I cannot help you with the Origin side, but unless it delivers a
stupendous number of floats per clock or has some other parameter
(memory size or speed) that enables critical pathways for MD code, this
is a pretty insane option.  See below.

> (2) What is the best configuration for a PC Linux cluster now?  Is your
> cluster stable enough? For example, it only break down once a month
> instead of once a week or two weeks. How do you take care of the maintance
> issue?

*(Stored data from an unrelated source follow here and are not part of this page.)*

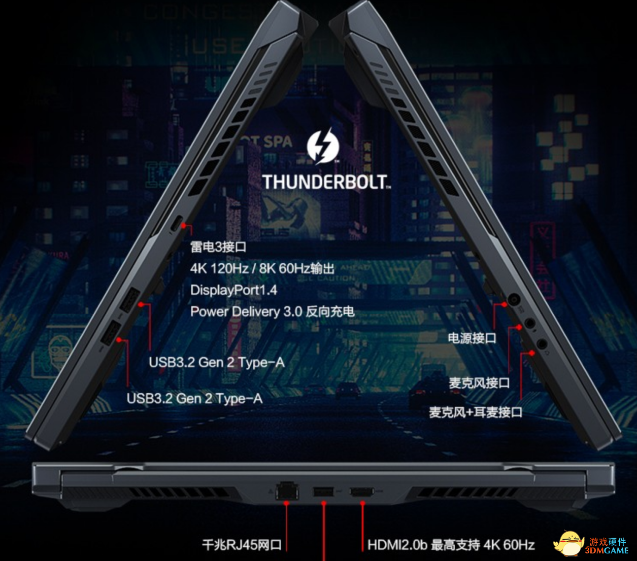 尽管拥有仅20.5mm的轻薄机身,ROG冰刃双屏在接口上却并没有做出妥协,其为有拓展需求的用户准备了丰富的接口,无论是USB3.2Gen 2 Type A接口还是麦克风与HDMI接口都一应俱全。更有支持DP1.4协议和雷电3技术的Type C接口,充分满足有外接显卡或显示器用户的需求。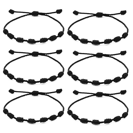 SAELACY Handmade Knot Red Black Evil Eye Bracelet Protection and Good Luck Adjustable Kabbalah Friendship String Bracelets for Women Men Teens 6 Pieces, No Jewels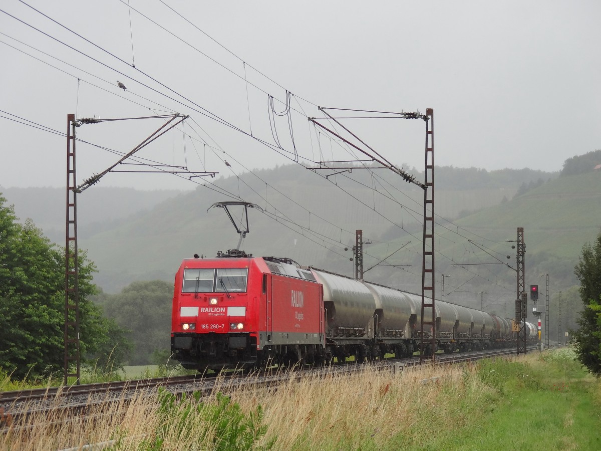 Am 29.6.13 durchfuhr 185 260 mit einem Zementzug das Maintal.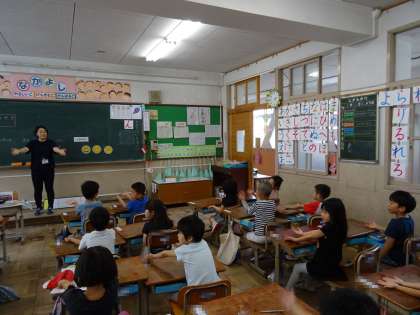 チャンツで英語の表現に慣れ親しんでいます。1年生はのりのりでした。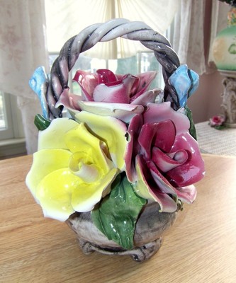 Title (ebay affiliate link): VINTAGE AUTHENTIC CAPODIMONTE PORCELAIN ROSE FLOWER BASKET MADE IN ITALY

Do you keep a spare node to serve as spare parts for other nodes? 
> How much it cost to mantain a PC cluster (service, parts, etc)?

Here I can help you.  There are two or three generic kids of PC cluster
that folks are buying right now, depending on budget, memory utilization
pattern, and so forth.  Let me give you a very quick matrix of the
possibilities.  I'm sure if I make any careless mistakes they will
quickly be corrected by the group:-)

Nodes can be:

  * Single or Dual processor;

  * AMD Athlon or Intel Celeron, P4 (or P4/Xeon) (or Itanium, if you
    like very high end stuff) in clocks that range from ~1GHz on the
    low end to 2.5 GHz or so on the high end;

  * On motherboards with a FSB from 200 to 533 MHz;

  * Memory from 256 MB to perhaps 2 GB, in the form of SDRAM, DDR SDRAM,
    RDRAM;

  * With (switched) 100 BT or 1000BT purely OTS, Myrinet and several
    other high end networks from vendors (without arguing for or against
    any of them);

  * With (UDMA 66,100,133) IDE or SCSI hard disk(s) or no hard disk at
    all;

  * With "misc" (video card, floppy, cd) or not;

  * in 1U, 2U, 3U cases in racks or in mini-to-full towers in OTC
    heavy duty shelving;

Yes, a lot of choices here.  Let me give you a few "typical"
configurations:

2U rackmount case, dual Athlon 1900+ (1600 MHz), 1 GB PC2100 DDR, 40 GB
HD, Tyan 2466 Motherboard (with built in 3c920 100BT PXE-bootable NIC
and serial console), no video (will need a single card to setup bios
orginally for PXE booting and serial console), no floppy.  Barebones,
pure compute power for between (street price) $1600 and $2000 (US) per
node, depending on who builds them and whether they set them up for you
(local PC vendor vs turnkey system vendor).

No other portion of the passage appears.